Unfortunately, Hariri is unlikely to seize the moment.  Indeed, it is possible that the moment has already passed.  But its echoes, together with broader economic and political trends discussed above, continue to suggest that Lebanon is likely to experience slow, incremental progress toward normalcy in the coming year, even if it is some time before issues of constitutional reform receive the attention they deserve. 

It must also be said that such progress is only possible if the regional context remains supportive of Lebanon’s domestic stability.  Here too there are reasons for cautious optimism, including Syrian-Saudi détente and the low probability of a renewal of conflict with Israel, recent sabre rattling on all sides notwithstanding.  Yet the potential for disruption is always present.  An attack on Iran, a provocative act by Israel or by Hezbollah, the reversal of the current rapprochement between Syria and Saudi Arabia, or even a yet unforeseen domestic crisis that throws the current government off balance—any of these could undermine Lebanon’s slow transition to normalcy.
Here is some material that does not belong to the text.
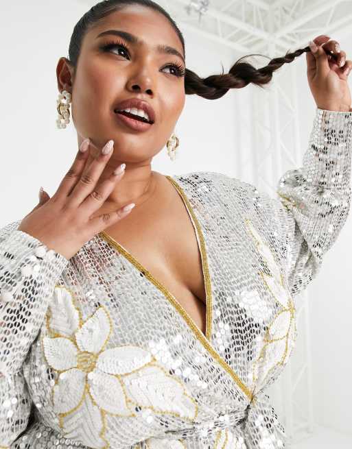 ASOS EDITION Curve floral sequin wrap mini dress in white and Very well made.

For all of these reasons, it is far too early to imagine that a “virtuous cycle” has taken hold in Lebanon, which stability becomes self-reinforcing, the incentives against disruptive acts increase, and the space for domestic debate expands to include issues that now appear too threatening to consider.  Despite this, the start of 2010 offers some basis for hope that if Lebanon is not yet normal, next to normal is becoming a real possibility.  It is important to keep expectations in check, and to anticipate backsliding and reversals.  In the meantime, however, it is not too soon to appreciate the small improvements Lebanon has experienced in recent months and value them in their own right.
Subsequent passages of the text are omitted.